Hi,
I have a strange problem. When I try to use std::to_string() I get the following error:
$ g++ -o test_to_string test_to_string.cc test_to_string.cc: In function ‘int main()’: test_to_string.cc:7:28: error: ‘to_string’ is not a member of ‘std’ std::cout << "Five: " << std::to_string(5) << std::endl; ^
Here is my test file (test_to_string.cc):
----------8<----------8<---------- #include <iostream> #include <string>
int main() { std::cout << "Five: " << std::to_string(5) << std::endl; return 0; } ----------8<----------8<----------
A quick search does not point me to any error on my part[1]. Is there a bug in Fedora GCC?
Thanks for any thoughts.
[1] http://en.cppreference.com/w/cpp/string/basic_string/to_string
On Tue, Oct 08, 2013 at 09:20:58AM +0200, Suvayu Ali wrote:
I have a strange problem. When I try to use std::to_string() I get the following error:
$ g++ -o test_to_string test_to_string.cc test_to_string.cc: In function ‘int main()’: test_to_string.cc:7:28: error: ‘to_string’ is not a member of ‘std’ std::cout << "Five: " << std::to_string(5) << std::endl;
Okay, found my problem.

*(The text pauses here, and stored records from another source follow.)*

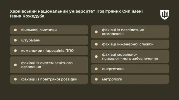 Харківський національний університет Повітряних сил імені Івана Кожедуба готує військових пілотів, штурманів, командирів підрозділів ППО, спеціалістів з систем зенітного озброєння, повітряної розвідки, безпілотних комплексів, інженерної служби, морально-психологічного забезпечення, а також енергетиків і метрологів.
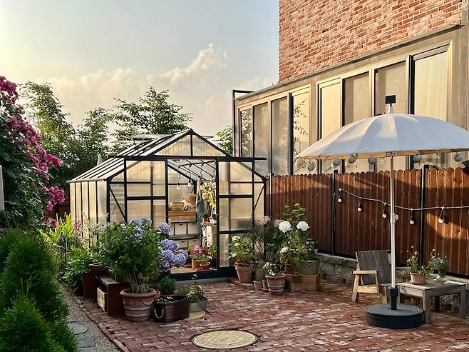 옆마당은 3평 짜리 미니 온실이 있고 바닥은 고벽돌로 깐 공간이에요. 12-1시 이후에는 집 그림자 덕분에 여름에는 앞마당보다 더 애용하게 되는 마당이에요.
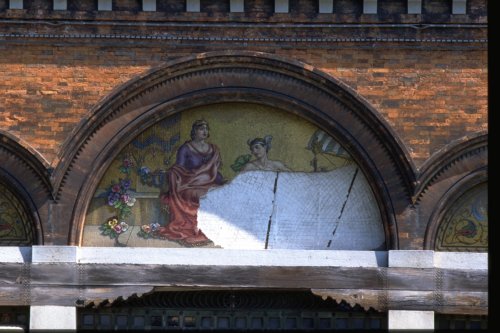 portale formato da una struttura di quattro pilastri quadrati in pietra dIstria che subdividono il prospetto in tre zone, due più strette situate ai lati ed una centrale, i quattro pilastri collegati superiormente con elementi in pietra dIstria sostengono una parte superiore in muratura e tre archi con mosaici al suo interno.
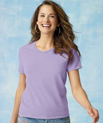 5.2 oz., 100% ComfortSoft® cotton v-neck t-shirt. Tag-free neck label. Relaxed feminine fit. Narrow rib knit collar. Hemmed sleeves.
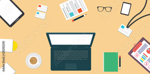 Top view elements. Desk background with laptop, digital devices, office objects, books and documents
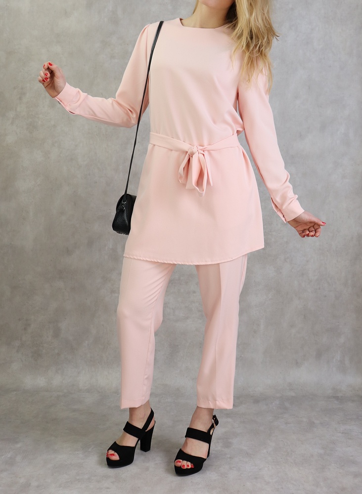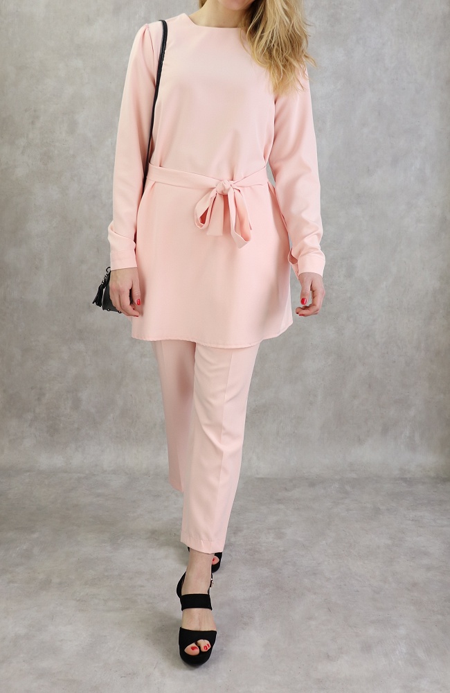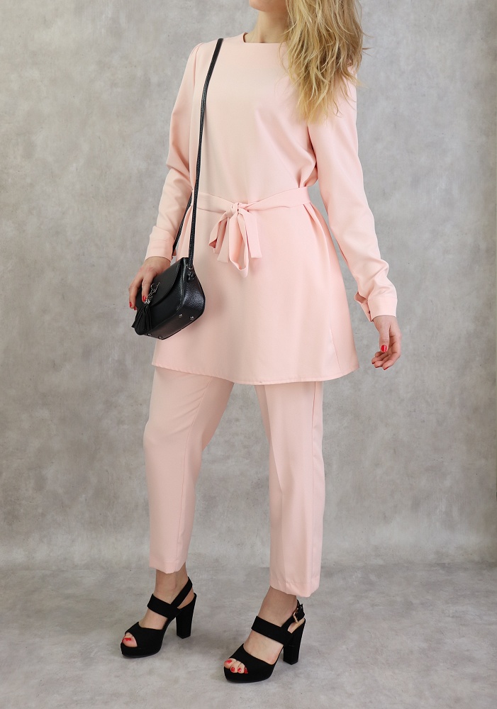 Ensemble chic 2 pièces tunique et pantalon de couleur rose clair Vetement & Accessoire

I have to explicitly choose C++11. I did not realise C++11 was not the default. Any ideas why?
On 10/08/2013 08:30 AM, Suvayu Ali wrote:
Okay, found my problem. I have to explicitly choose C++11. I did not realise C++11 was not the default. Any ideas why?
We (GCC maintainers) tend to change defaults when it's what the majority of users want. For most people C++11 is still experimental. Changing the default language is risky because it breaks build scripts.
Andrew.
Hi Andrew and Mamoru,
On Tue, Oct 08, 2013 at 08:57:29AM +0100, Andrew Haley wrote:
On 10/08/2013 08:30 AM, Suvayu Ali wrote:
Okay, found my problem. I have to explicitly choose C++11. I did not realise C++11 was not the default. Any ideas why?
We (GCC maintainers) tend to change defaults when it's what the majority of users want. For most people C++11 is still experimental. Changing the default language is risky because it breaks build scripts.